• **TASK DESCRIPTION**
Repeat verbatim what the listing holds, but not its pictures.

• **DATA EXCERPT**
....
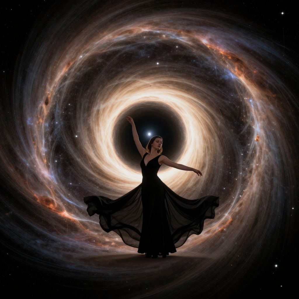 A woman in a flowing black gown stands poised against the cosmic backdrop of a glowing black hole, its radiant ring of stars swirling like an ethereal dance floor, defying the boundaries of space and time.
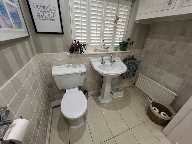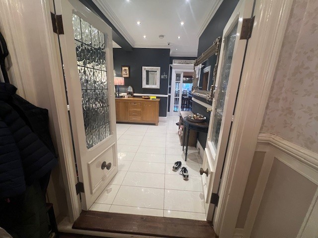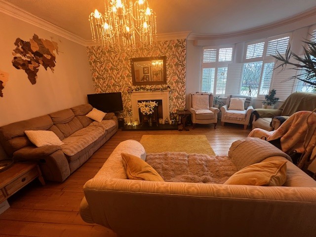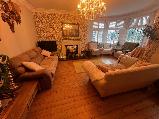 – Entrance Hall: currently used as an extra sitting room with Sky TV, L shaped sofa, 2 armchairs and an open fire.
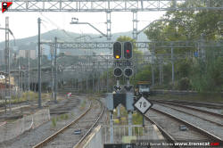 Llum groc al senyal de sortida de la via 4 pel costat Barcelona amb l'itinerari fet cap a la línia a Torre Baró (octubre 2024) |
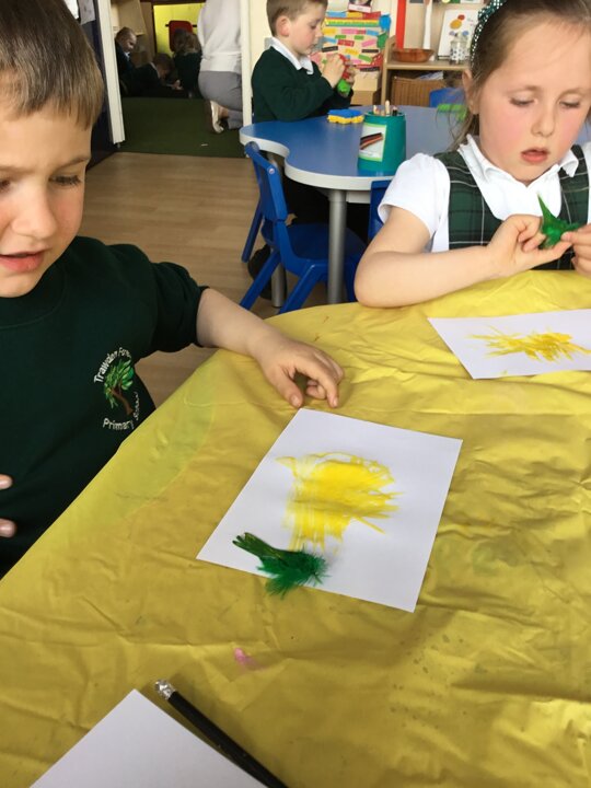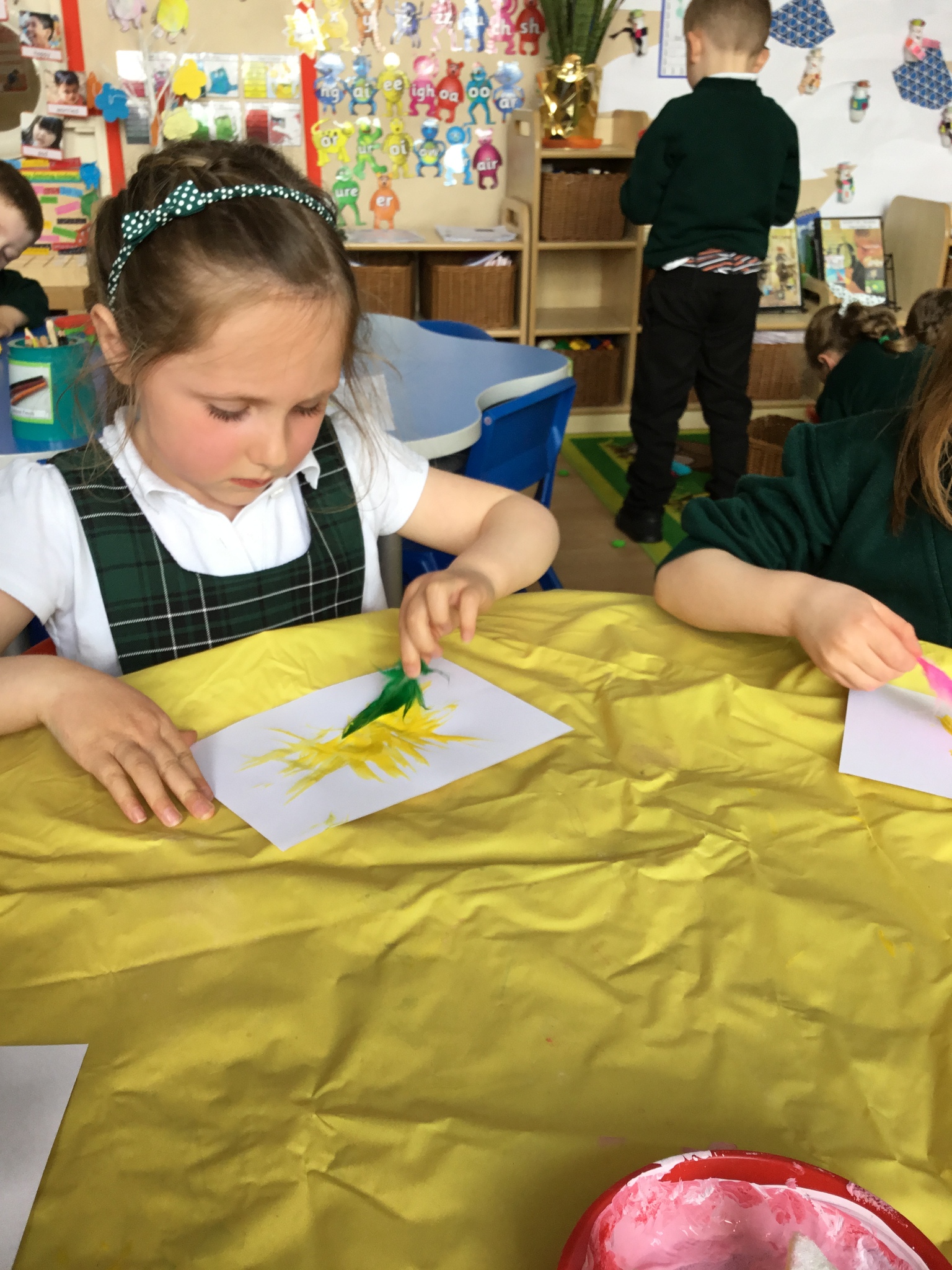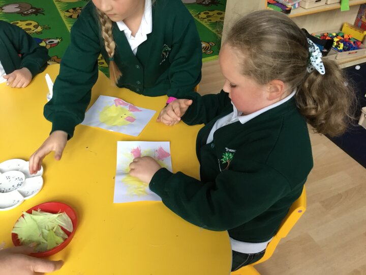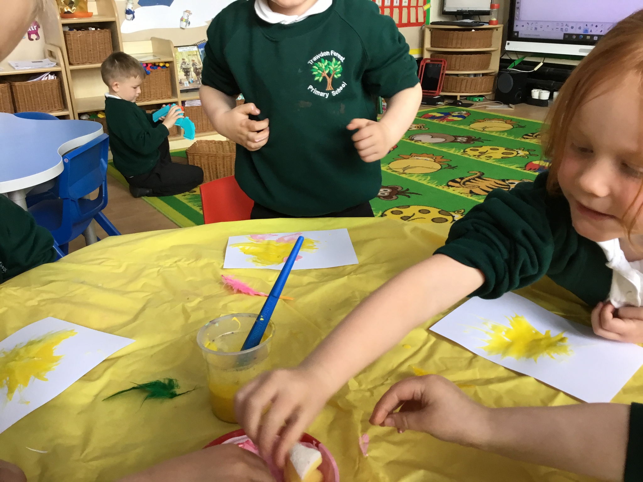 We used feathers to paint its fluffy body and printed shapes for its beak and feet.
....
• **TASK RESULT**
 A woman in a flowing black gown stands poised against the cosmic backdrop of a glowing black hole, its radiant ring of stars swirling like an ethereal dance floor, defying the boundaries of space and time.
 – Entrance Hall: currently used as an extra sitting room with Sky TV, L shaped sofa, 2 armchairs and an open fire.
 Llum groc al senyal de sortida de la via 4 pel costat Barcelona amb l'itinerari fet cap a la línia a Torre Baró (octubre 2024) |
 We used feathers to paint its fluffy body and printed shapes for its beak and feet.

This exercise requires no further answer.